In contrast, the Barcelona sports papers have gone overboard in eulogising Bojan Krkic. Both Sport and El Mundo Deportivo have taken a break from battering Frank Rijkaard and speculating about what's eating Ronaldinho, and decided to accentuate the positive. On Friday the end of the world was nigh, but after a single win over Valladolid and a defeat for Real Madrid at the weekend, it's great to be a Cule: according the two comics anyway.

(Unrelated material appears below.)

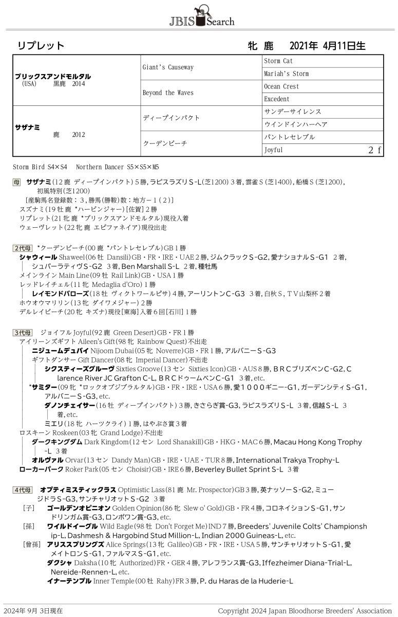 【入札時の注意事項】(必ずご確認ください) ※サラブレッドオークションでの落札馬は、原則として5日以内に在厩場所より引き渡しをさせていただきます。引き続き、飼養管理継続をご希望される場 合はオークション事務局までお問い合わせ下さい。 ※落札馬の引き渡しにかかる必要経費は、落札者様のご負担となります。 ※引き取り前に、現地での獣医検査を行うことを推奨いたします。出品馬の現況は、出品者による申告であり、引渡し時点での状況を保証している ものではありません。なお、この際の獣医検査にかかる費用は、落札者様のご負担となります。 ※実馬を見学いただくことが可能です。事前に申し込みが必要ですので、ご希望の方はオークション事務局までお問い合わせ下さい。 |
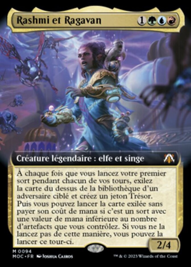 | Rules | Whenever you cast your first spell during each of your turns, exile the top card of target opponent's library and create a Treasure token. Then you may cast the exiled card without paying its mana cost if it's a spell with mana value less than the number of artifacts you control. If you don't cast it this way, you may cast it this turn. |

"Bojan Krkic - a crack at 17 years old" writes Sport. Apparently Bojan is just like any other seventeen year old student, aside from playing for one of the biggest football clubs in the world. His education remains a priority and he even wants to get a degree in physical education. However, it's not easy for the youngster who must juggle his studies between training and away games. According to Sport: "The biggest problem is getting to college. Bojan use to get the metro but now he can't because he can't even get to the station without having to stop for hundreds of autographs and photos. But he doesn't mind all of that attention, the problem is it makes him late - so now he gets a lift. He's having a great season and has scored seven goals so far this season, just two less than Raul did in his first season at Real Madrid." You do have to wonder just how sports fans in Barcelona could possibly make it through the day without this kind of insight and analysis.
If we didn't know any better we might suspect that after a week of getting hammered by the press, Barcelona had engaged in some kind of PR deal with the local papers.
Not wishing to miss out, El Mundo Deportivo informs us that "Bojan Krkic, with his two goals against Valladolid on Sunday, scored his first brace for Barcelona. His seven goals this season have come from just 23 appearances and just 939 minutes of action; that’s a record of one goal every 134 minutes! - the same number of goals in the half the time of Thierry Henry."
MD does take a break from all of this Bojanmania to bring us some other news: apparently the Barcelona players have had enough of Johan Cruyff telling them what to do from the safety of his newspaper columns, Lluis Aragones won't be taking Valdes to the European Championships and there was a Tibetan monk in the Presidential box at the Camp Nou on Sunday.